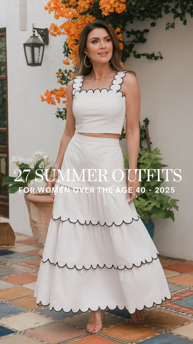 The two-piece set is reminiscent of 2025 styles while retaining a classic. The white crop top has wide scalloped black straps that go perfectly with the full tiered skirt that has black accents. The skirt is high waisted which gives a flattering fit for mid-sized women and is good for warm occasions. The outfit is completed with delicate strappy sandals which gives a sophisticated easiness to summer dressing for women above 40 in 2025.
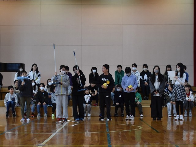 「SDGs環境省の自治」からは、ベルマークの点数により購入した携帯用拡声器や掃除道具の紹介がありました。
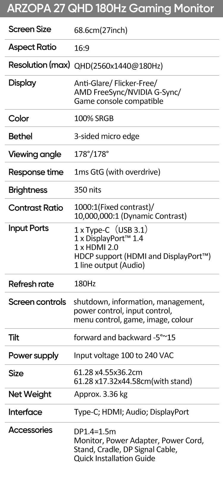 Refresh Rate: DP/Type-C supports up to 180Hz; HDMI supports up to 144Hz
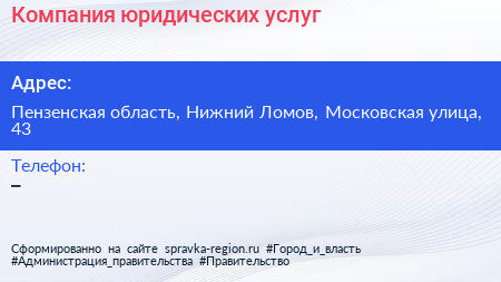 Компания юридических услуг по адресу Пензенская область, Нижний Ломов, Московская улица, 43 в дальнейшем Организация, размещена в следующих категориях:
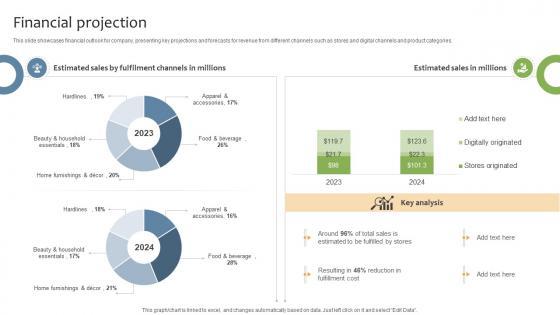 This slide showcases financial outlook for company, presenting key projections and forecasts for revenue from different channels such as stores and digital channels and product categories. This Financial Projection General Merchandising Store Business Model BMC SS V is perfect for any presentation, be it in front of clients or colleagues. It is a versatile and stylish solution for organizing your meetings. The Financial Projection General Merchandising Store Business Model BMC SS V features a modern design for your presentation meetings. The adjustable and customizable slides provide unlimited possibilities for acing up your presentation. Slidegeeks has done all the homework before launching the product for you. So, do not wait, grab the presentation templates today This slide showcases financial outlook for company, presenting key projections and forecasts for revenue from different channels such as stores and digital channels and product categories.
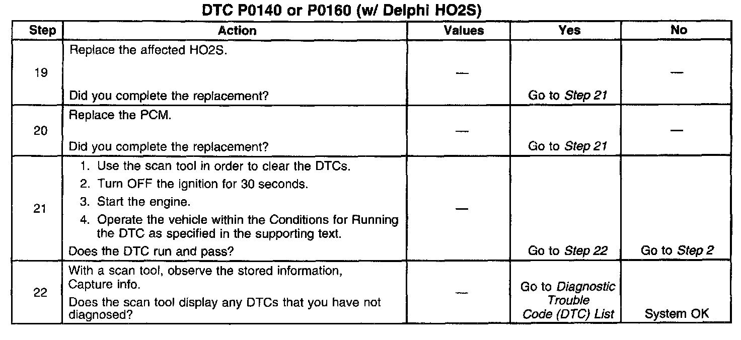 ^ DTCs P0101, P0102, P0103, P0106, P0107, P0108, P0112, P0113, P0117, P0118, P0121, P0122, P0123, P0135, P0141, P0155, P0161, P0200, P0300, P0401, P0404, P0405, P0410, P0440, P0442, P0446, P0452, P0453, P1120, P1125, P1220, P1221, 1258, P1404, P1415, P1416, P1514, P1515, P1516, P1517, or P1518 are not set.
◆ ◆ ◆
## Task item
Output a precise copy of the entries, leaving the images out.

## Exercise response
 The two-piece set is reminiscent of 2025 styles while retaining a classic. The white crop top has wide scalloped black straps that go perfectly with the full tiered skirt that has black accents. The skirt is high waisted which gives a flattering fit for mid-sized women and is good for warm occasions. The outfit is completed with delicate strappy sandals which gives a sophisticated easiness to summer dressing for women above 40 in 2025.
 「SDGs環境省の自治」からは、ベルマークの点数により購入した携帯用拡声器や掃除道具の紹介がありました。
 Refresh Rate: DP/Type-C supports up to 180Hz; HDMI supports up to 144Hz
 Компания юридических услуг по адресу Пензенская область, Нижний Ломов, Московская улица, 43 в дальнейшем Организация, размещена в следующих категориях:
 This slide showcases financial outlook for company, presenting key projections and forecasts for revenue from different channels such as stores and digital channels and product categories. This Financial Projection General Merchandising Store Business Model BMC SS V is perfect for any presentation, be it in front of clients or colleagues. It is a versatile and stylish solution for organizing your meetings. The Financial Projection General Merchandising Store Business Model BMC SS V features a modern design for your presentation meetings. The adjustable and customizable slides provide unlimited possibilities for acing up your presentation. Slidegeeks has done all the homework before launching the product for you. So, do not wait, grab the presentation templates today This slide showcases financial outlook for company, presenting key projections and forecasts for revenue from different channels such as stores and digital channels and product categories.
 ^ DTCs P0101, P0102, P0103, P0106, P0107, P0108, P0112, P0113, P0117, P0118, P0121, P0122, P0123, P0135, P0141, P0155, P0161, P0200, P0300, P0401, P0404, P0405, P0410, P0440, P0442, P0446, P0452, P0453, P1120, P1125, P1220, P1221, 1258, P1404, P1415, P1416, P1514, P1515, P1516, P1517, or P1518 are not set.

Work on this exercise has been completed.